PluginInitializerContext

PluginInitializerContext

setup

CoreSetup

CoreSetup

start

CoreStart

CoreStart

Integrating with other pluginsedit

Plugins can expose public interfaces for other plugins to consume. Like core, those interfaces are bound to the lifecycle functions setup and/or start.

Anything returned from setup or start will act as the interface, and while not a technical requirement, all first-party Elastic plugins will expose types for that interface as well. Third party plugins wishing to allow other plugins to integrate with it are also highly encouraged to expose types for their plugin interfaces.

foobar plugin.ts:

import type { Plugin } from '@kbn/core/server';
export interface FoobarPluginSetup { 
  getFoo(): string;
}

export interface FoobarPluginStart { 
  getBar(): string;
}

export class MyPlugin implements Plugin<FoobarPluginSetup, FoobarPluginStart> {
  public setup(): FoobarPluginSetup {
    return {
      getFoo() {
        return 'foo';
      },
    };
  }

  public start(): FoobarPluginStart {
    return {
      getBar() {
        return 'bar';
      },
    };
  }
}

We highly encourage plugin authors to explicitly declare public interfaces for their plugins.

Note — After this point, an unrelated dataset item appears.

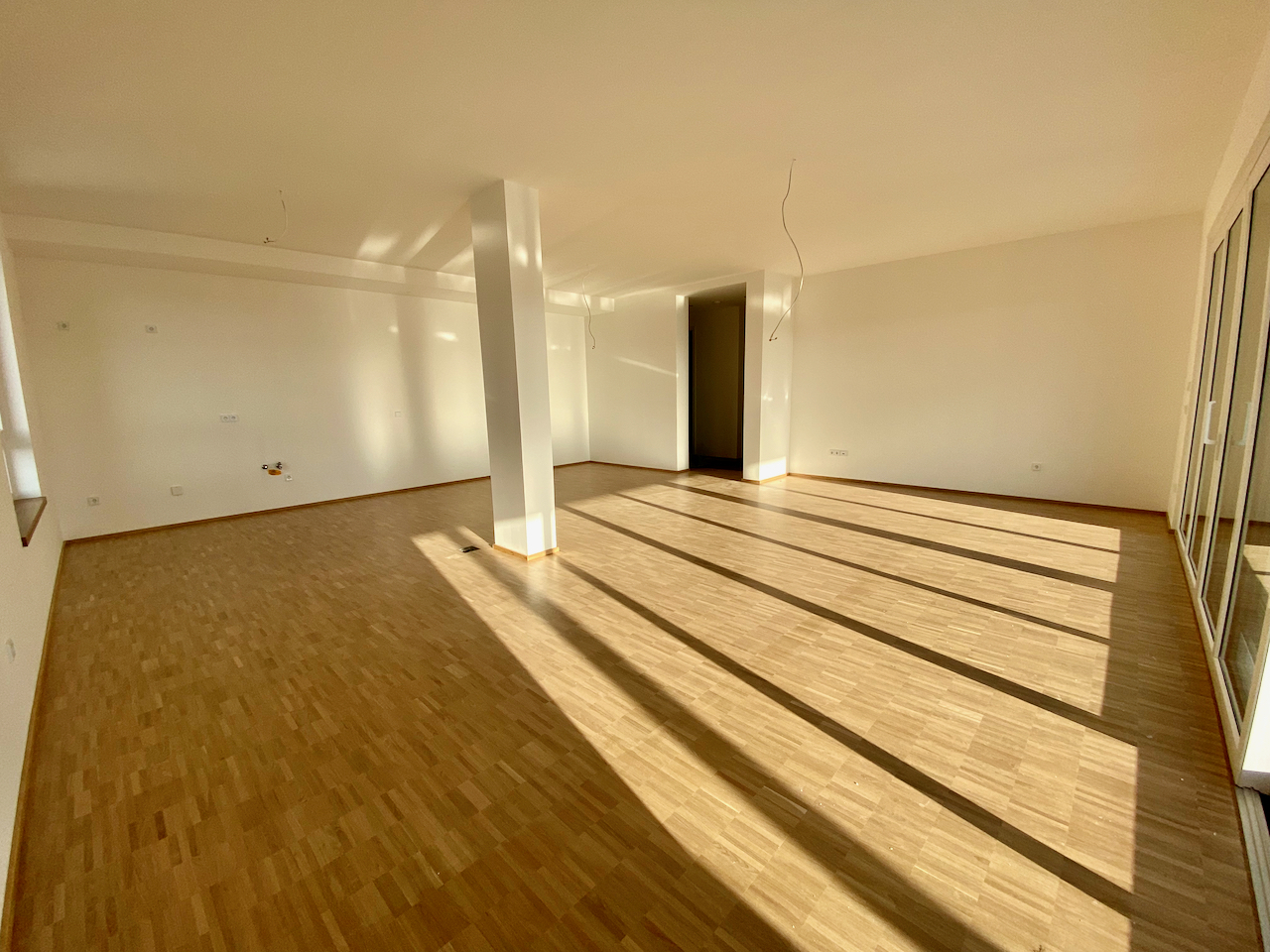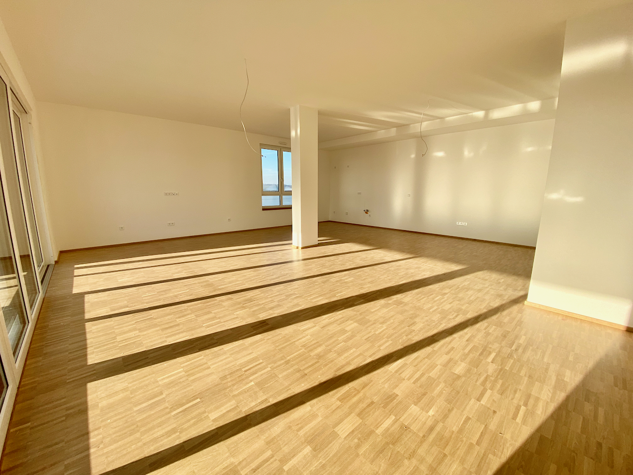 Auf den ca. 144 m² der Wohnung befinden sich der offene Wohn-, Koch- und Essbereich mit Zugang zum Balkon, zwei Kinderzimmer und ein Schlafzimmer, sowie das große Badezimmer, ein kleineres Gäste Badezimmer und ein geräumiger Flur.

Unlike core, capabilities exposed by plugins are not automatically injected into all plugins. Instead, if a plugin wishes to use the public interface provided by another plugin, it must first declare that plugin as a dependency in it’s kibana.json manifest file.

demo kibana.json:

{
  "id": "demo",
  "requiredPlugins": ["foobar"],
  "server": true,
  "ui": true
}

With that specified in the plugin manifest, the appropriate interfaces are then available via the second argument of setup and/or start:

demo plugin.ts:

import type { CoreSetup, CoreStart } from '@kbn/core/server';
import type { FoobarPluginSetup, FoobarPluginStart } from '../../foobar/server';

interface DemoSetupPlugins { 
  foobar: FoobarPluginSetup;
}

interface DemoStartPlugins {
  foobar: FoobarPluginStart;
}

export class AnotherPlugin {
  public setup(core: CoreSetup, plugins: DemoSetupPlugins) { 
    const { foobar } = plugins;
    foobar.getFoo(); // 'foo'
    foobar.getBar(); // throws because getBar does not exist
  }

  public start(core: CoreStart, plugins: DemoStartPlugins) { 
    const { foobar } = plugins;
    foobar.getFoo(); // throws because getFoo does not exist
    foobar.getBar(); // 'bar'
  }

  public stop() {}
}

The interface for plugin’s dependencies must be manually composed. You can do this by importing the appropriate type from the plugin and constructing an interface where the property name is the plugin’s ID.

These manually constructed types should then be used to specify the type of the second argument to the plugin.

Notice that the type for the setup and start lifecycles are different. Plugin lifecycle functions can only access the APIs that are exposed during that lifecycle.